HeadlinesBriefing favicon HeadlinesBriefing.com

Gemma 4's New Speed Upgrade: MTP Cuts Latency by Half

Ars Technica •
×

Google rolled out its Gemma 4 open models this spring, adding a new speed tier for local AI. The company introduced Multi‑Token Prediction, or MTP, a speculative decoding technique that guesses future tokens and cuts generation time in half compared to standard autoregressive flow. The upgrade keeps output quality unchanged while lowering latency on consumer hardware.
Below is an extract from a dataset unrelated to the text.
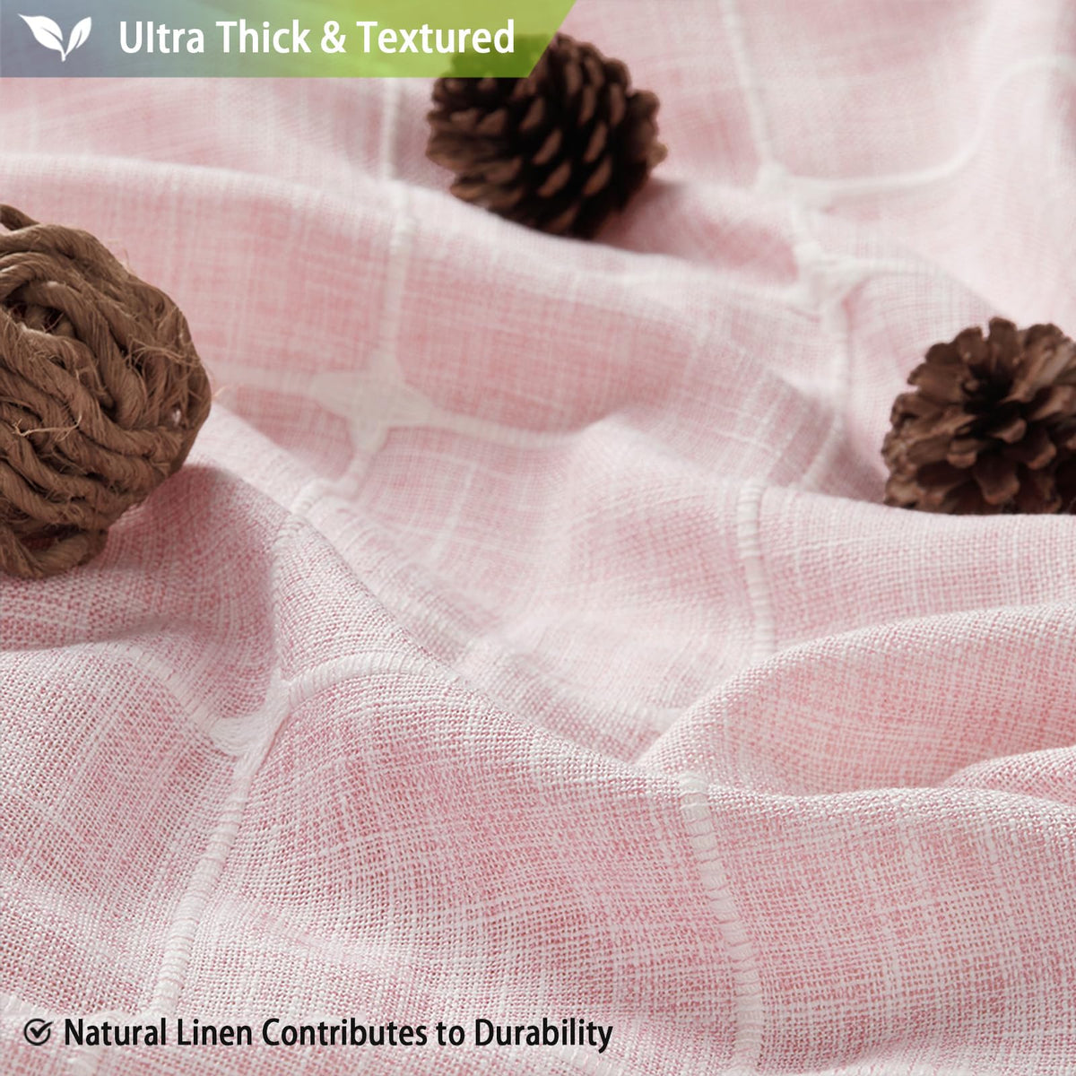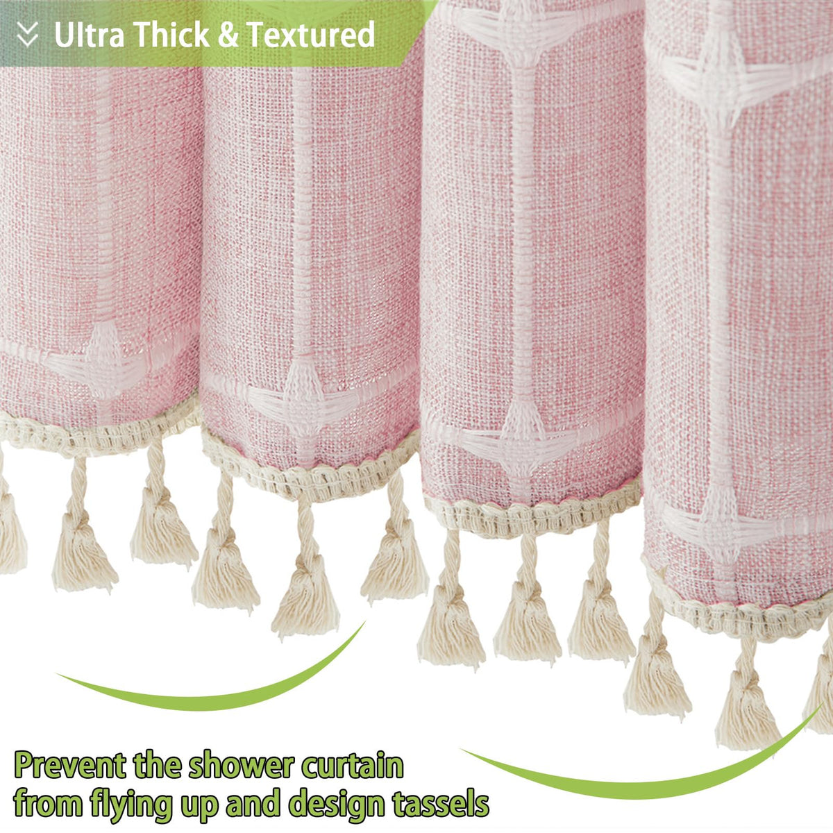 Boho Farmhouse Shower Curtain,Pink Linen Heavy Duty Cloth Fabric Woven Textured Shower Curtain Set With Tassels,Cute Modern Hote

Both Gemma 4 and Google’s flagship Gemini share the same core architecture, but Gemma is tuned for edge execution. One high‑power accelerator can run the 26‑billion‑parameter model at full precision; quantization lets it run on a consumer GPU like the NVIDIA RTX PRO 6000. MTP uses a lightweight 74‑million‑parameter drafter that shares a key‑value cache to skip costly recomputation.

Google also switched Gemma 4’s license to the more permissive Apache 2.0, moving away from the custom terms used before. This change opens the door for developers to integrate and modify the model without restrictive clauses. For users, the combination of faster token prediction and an open license means higher performance on modest hardware and greater freedom to experiment. Hardware demands stay manageable now today.